Tsujimura Takuya, Ishihara Takayuki, Iida Osamu, Hata Yosuke, Toyoshima Taku, Higashino Naoko, Kurata Naoya, Asai Mitsutoshi, Masuda Masaharu, Okamoto Shin, Nanto Kiyonori, Kanda Takashi, Matsuda Yasuhiro, Mano Toshiaki
Kansai Rosai Hospital Cardiovascular Center Amagasaki Japan.
Department of Clinical Engineering, Kansai Rosai Hospital Amagasaki Japan.
Circ Rep. 2021 May 29;3(6):316-323. doi: 10.1253/circrep.CR-21-0053.

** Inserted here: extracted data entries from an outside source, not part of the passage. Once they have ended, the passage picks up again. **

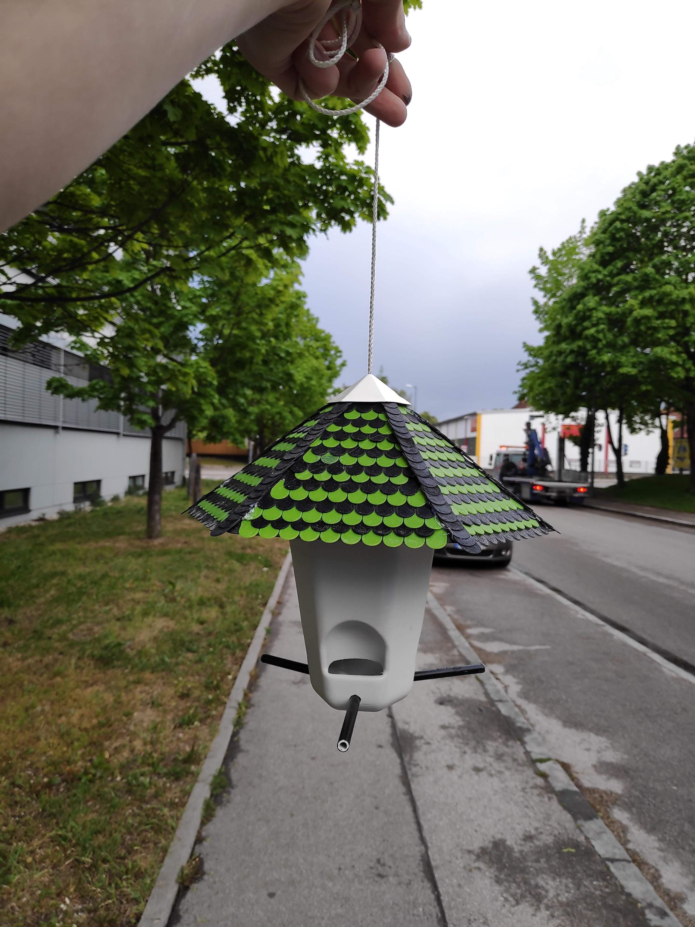 Transform your outdoor space into a bustling bird sanctuary with this uniquely designed 3D-printed bird feeder. The striking scale pattern in green and gray adds a decorative touch while serving a practical purpose. The thoughtful design features a protective overhang to help keep seeds dry and accessible. Crafted with durability in mind, this feeder withstands outdoor conditions while providing wild birds with a reliable feeding station. The distinctive pattern and neutral colors blend seamlessly with outdoor décor, making it an attractive addition to any exterior wall. Perfect for bird enthusiasts and nature lovers, this feeder helps attract various local bird species to your home. The convenient wall-mount design keeps the feeding area elevated and safe from ground predators, while offering excellent visibility for bird watching. Whether placed near a window or in your garden, this feeder creates an engaging wildlife experience right at your doorstep.
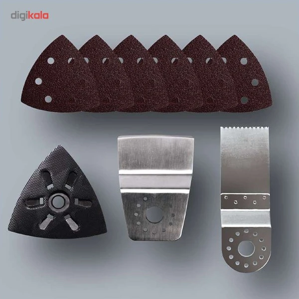 ✨️●《این ابزار چند منظوره با تجهیزات گستردهای ارائه میشود که آن را فوراً آماده استفاده میکند: یک صفحه سنگزنی/سنباده دلتا، کاغذ سنباده 6x، یک کاردک و یک تیغه اره HCS با برش عمیق
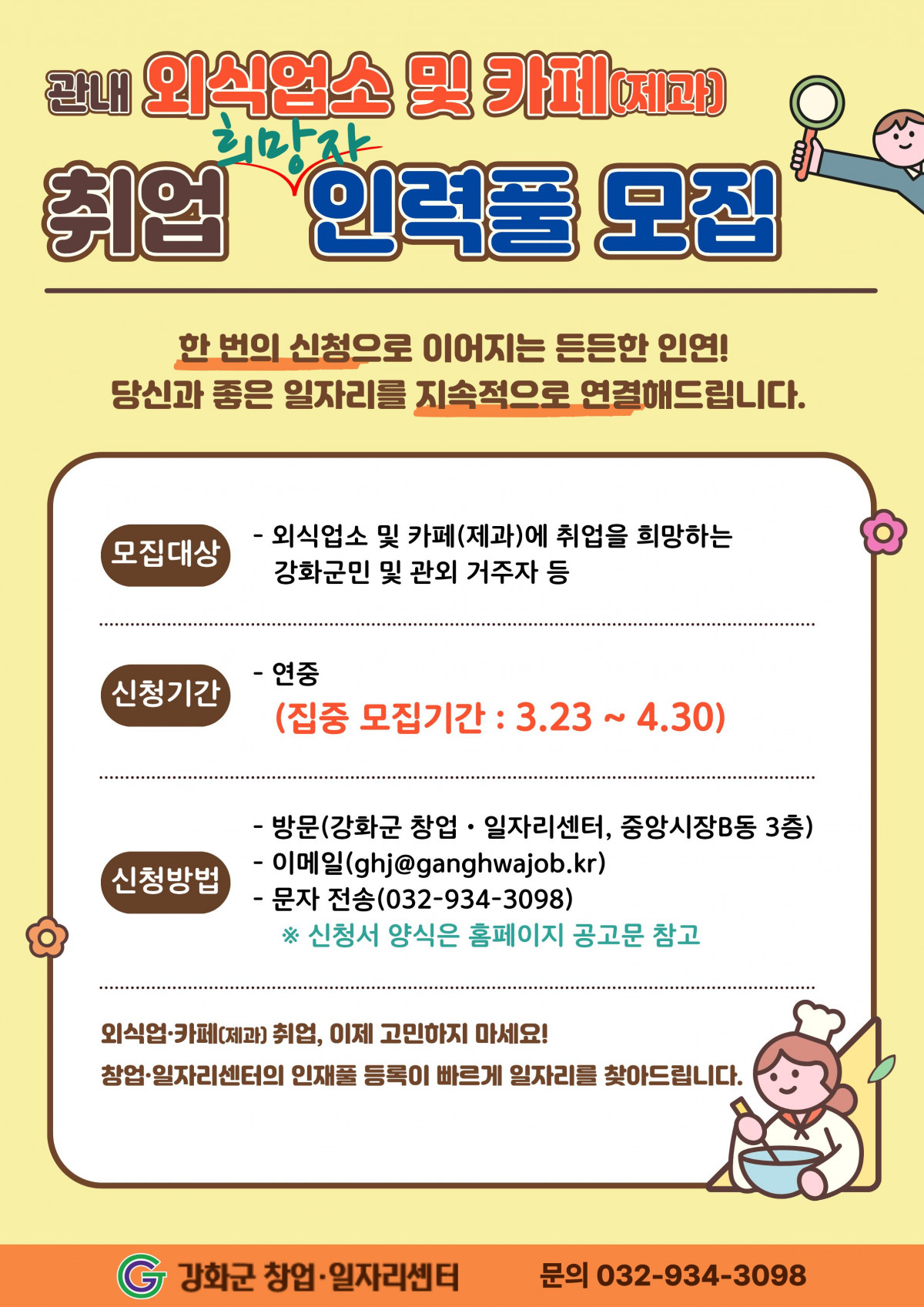 관내 외식업소 및 카페(제과) 취업 희망자 인력풀 모집 공고
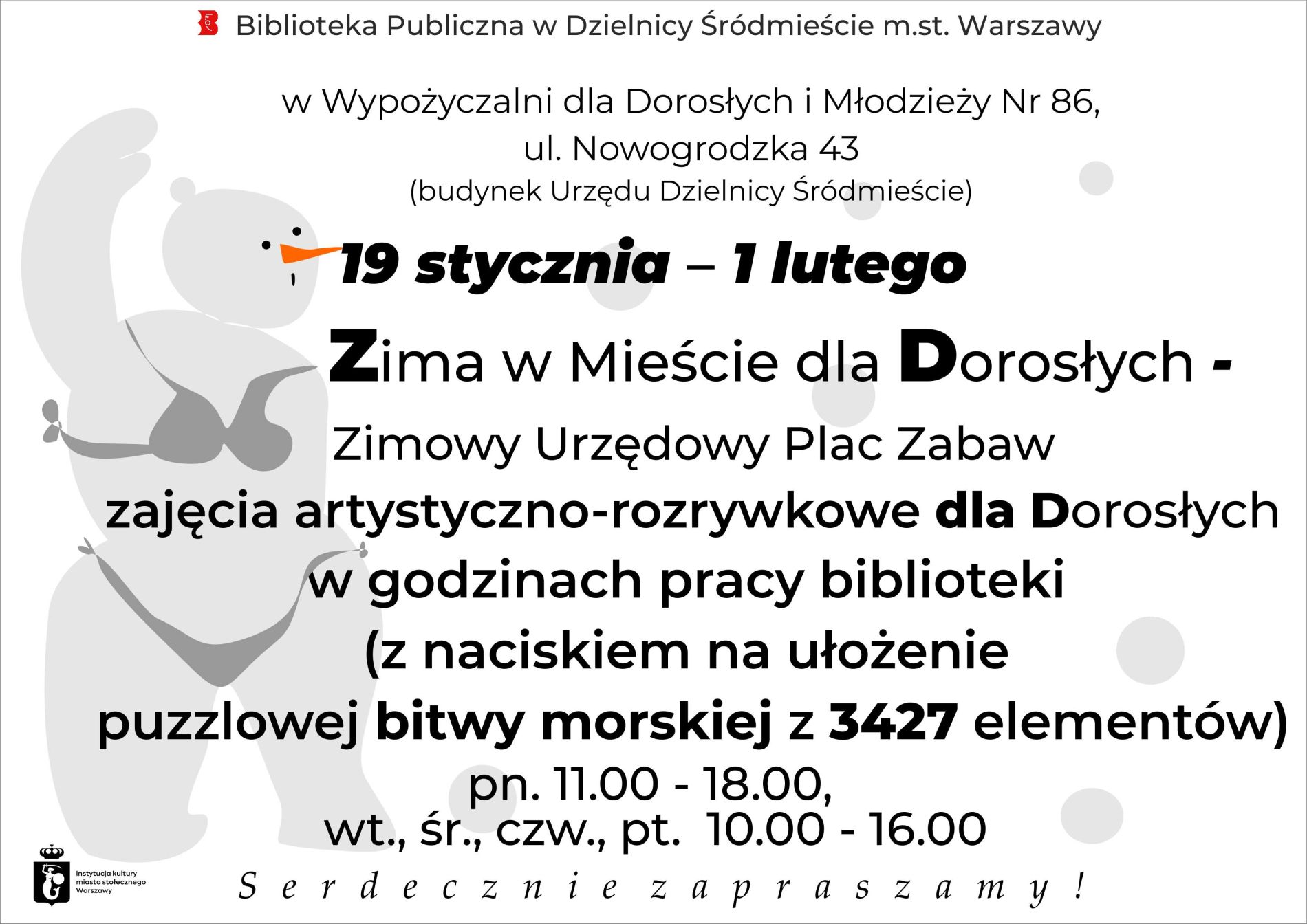 Wypożyczalnia dla Dorosłych i Młodzieży nr 86, ul. Nowogrodzka 43 (budynek Urzędu Dzielnicy Śródmieście) zaprasza na Zimę w Mieście dla Dorosłych – Zimowy Urzędowy Plac Zabaw dla Dorosłych - zajęcia artystyczno-rozrywkowe dla dorosłych (z naciskiem na ułożenie puzzlowej bitwy morskiej z 3427 elementów).
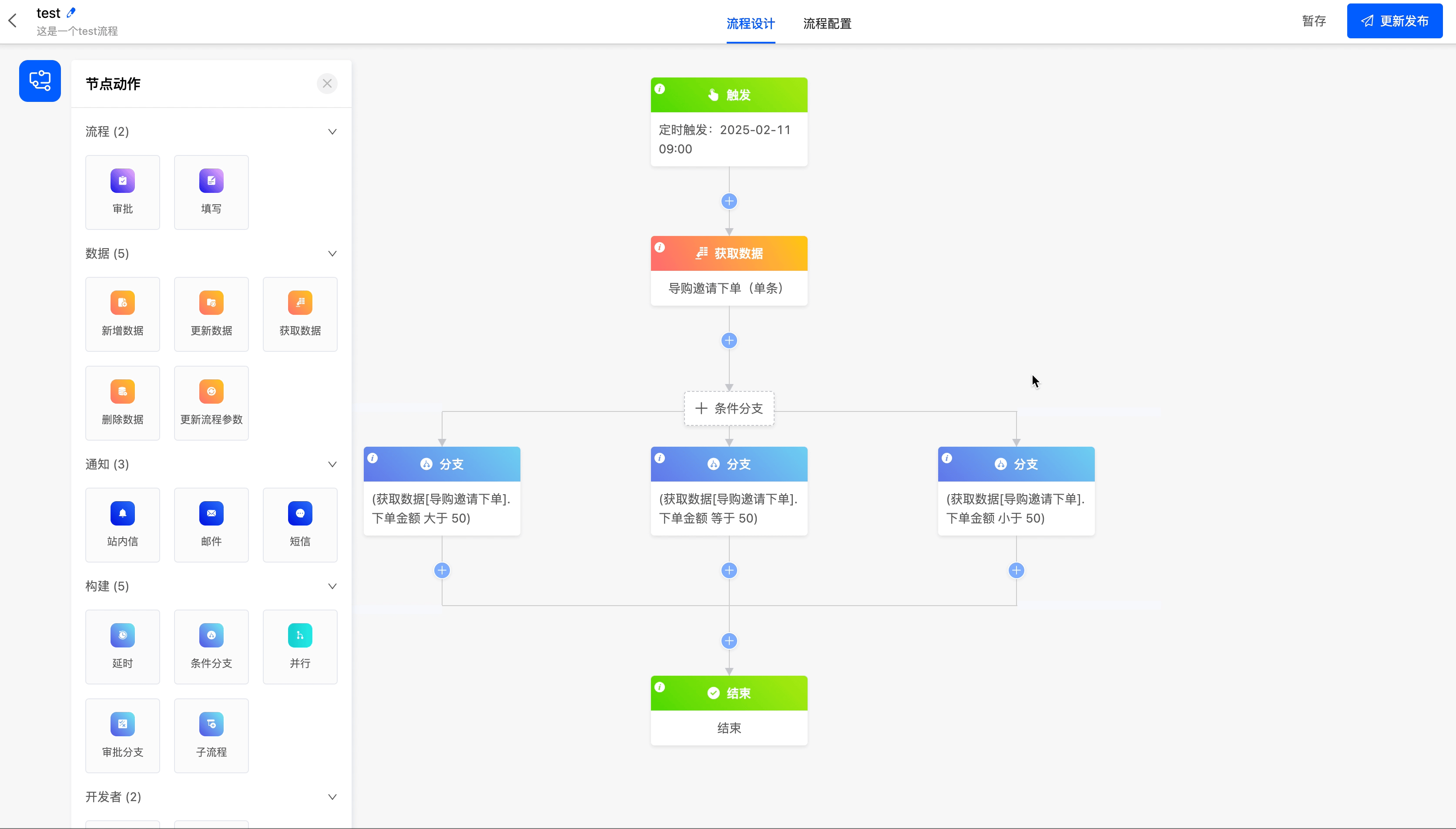 - Parallel Execution: All branches that meet the conditions are triggered simultaneously. After all branches are executed, the process continues to run downward.
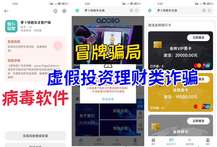 網(wǎng)友反饋,假冒的“蘿卜快跑”平臺(tái)很早就已經(jīng)無(wú)法提現(xiàn),為了穩(wěn)定參與者的情緒,近期又推出“蘿卜金磚”新騙局繼續(xù)行騙。
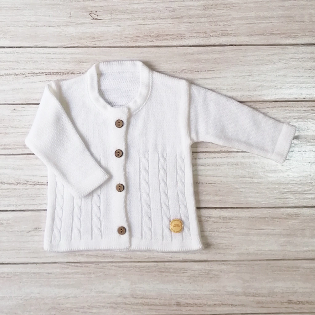 saquito tejido con Lana acrílica,es 100% hipoalergénica, súper suaves y livianitos.

The Orsiro ultrathin-strut, biodegradable-polymer, sirolimus-eluting stent (O-SES) has specific characteristics regarding its components and has demonstrated comparable clinical outcomes compared with durable-polymer, drug-eluting stents (DES). However, arterial repair following deployment of the O-SES has not been elucidated to date. Using data from the Kansai Rosai Hospital database between November 2010 and September 2020, we analyzed coronary angioscopy (CAS) findings a mean (±SD) of 10±2 months after implantation of an O-SES, a durable-polymer everolimus-eluting stent (Xience; X-EES), or a biodegradable-polymer everolimus-eluting stent (Synergy; S-EES). Neointimal coverage (NIC), yellow color intensity of the stented segment, and the incidence of thrombus adhesion were compared between the O-SES (66 stents from 42 patients), X-EES (119 stents from 87 patients), and S-EES (132 stents from 88 patients). NIC was significantly thinner for the O-SES than S-EES (P<0.001), but was similar between the O-SES and X-EES (P=0.25). Yellow color intensity was significantly greater for the O-SES than X-EES (P<0.001), but similar between the O-SES and S-EES (P=0.51). The incidence of thrombus adhesions was similar in all 3 groups. O-SES and X-EES resulted in similar inhibition of NIC and both resulted in a thinner NIC than with S-EES. In addition, O-SES exhibited a similar degree of thrombus adhesion as the other DES, suggesting similar thrombogenicity.
奥西罗超薄支柱、可生物降解聚合物、西罗莫司洗脱支架(O-SES)在其组件方面具有特定特征,并且与耐用聚合物药物洗脱支架(DES)相比已显示出相当的临床结果。然而,迄今为止,O-SES植入后的动脉修复情况尚未阐明。利用2010年11月至2020年9月关西罗萨医院数据库中的数据,我们分析了在植入O-SES、耐用聚合物依维莫司洗脱支架(Xience;X-EES)或可生物降解聚合物依维莫司洗脱支架(Synergy;S-EES)后平均(±标准差)10±2个月的冠状动脉血管内镜检查(CAS)结果。比较了O-SES(来自42例患者的66个支架)、X-EES(来自87例患者的119个支架)和S-EES(来自88例患者的132个支架)之间的新生内膜覆盖率(NIC)、支架段的黄色强度以及血栓粘附发生率。O-SES的NIC明显比S-EES薄(P<0.001),但O-SES和X-EES之间相似(P=0.25)。O-SES的黄色强度明显大于X-EES(P<0.001),但O-SES和S-EES之间相似(P=0.51)。所有3组的血栓粘附发生率相似。O-SES和X-EES对NIC的抑制作用相似,且两者导致的NIC均比S-EES薄。此外,O-SES表现出与其他DES相似程度的血栓粘附,表明血栓形成性相似。